Exercise data:
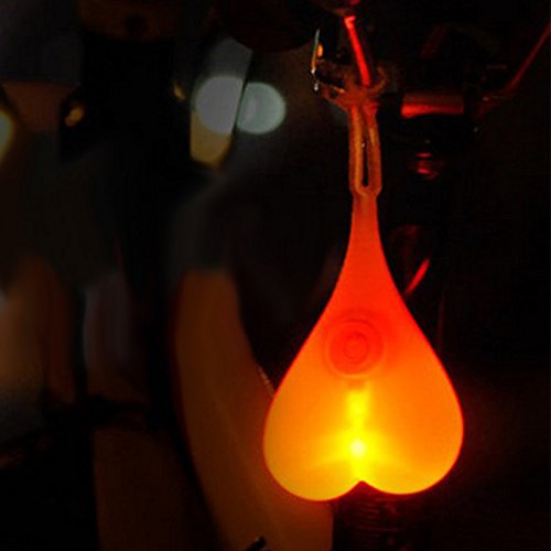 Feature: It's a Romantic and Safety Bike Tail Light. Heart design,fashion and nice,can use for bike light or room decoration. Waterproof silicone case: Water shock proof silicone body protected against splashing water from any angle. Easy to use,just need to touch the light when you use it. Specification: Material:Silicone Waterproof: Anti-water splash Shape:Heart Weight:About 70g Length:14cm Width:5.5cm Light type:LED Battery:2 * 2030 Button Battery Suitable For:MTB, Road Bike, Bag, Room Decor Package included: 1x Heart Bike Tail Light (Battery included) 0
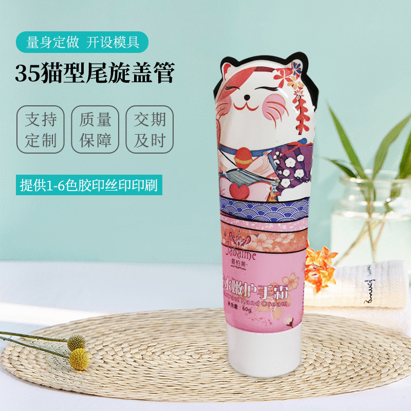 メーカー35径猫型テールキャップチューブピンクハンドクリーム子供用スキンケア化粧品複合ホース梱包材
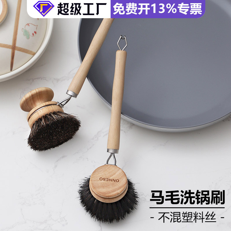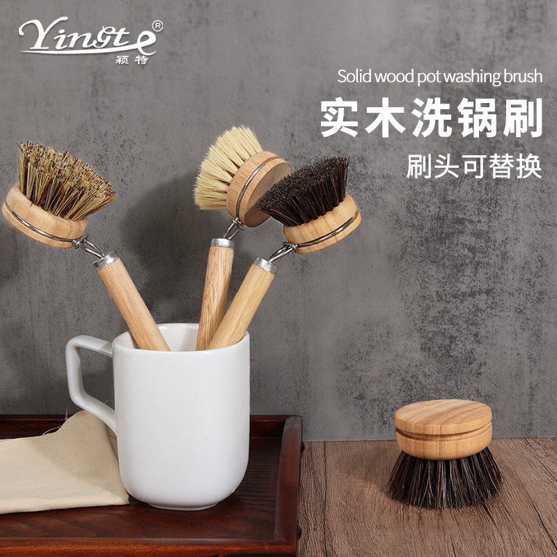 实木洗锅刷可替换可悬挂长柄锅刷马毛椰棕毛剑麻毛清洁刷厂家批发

What needs to be done: From the line containing "メーカー35径猫型テールキャ" down to the last line of the data above, transcribe exactly those lines and no others; omit the pictures.

Exercise result:
 メーカー35径猫型テールキャップチューブピンクハンドクリーム子供用スキンケア化粧品複合ホース梱包材
 实木洗锅刷可替换可悬挂长柄锅刷马毛椰棕毛剑麻毛清洁刷厂家批发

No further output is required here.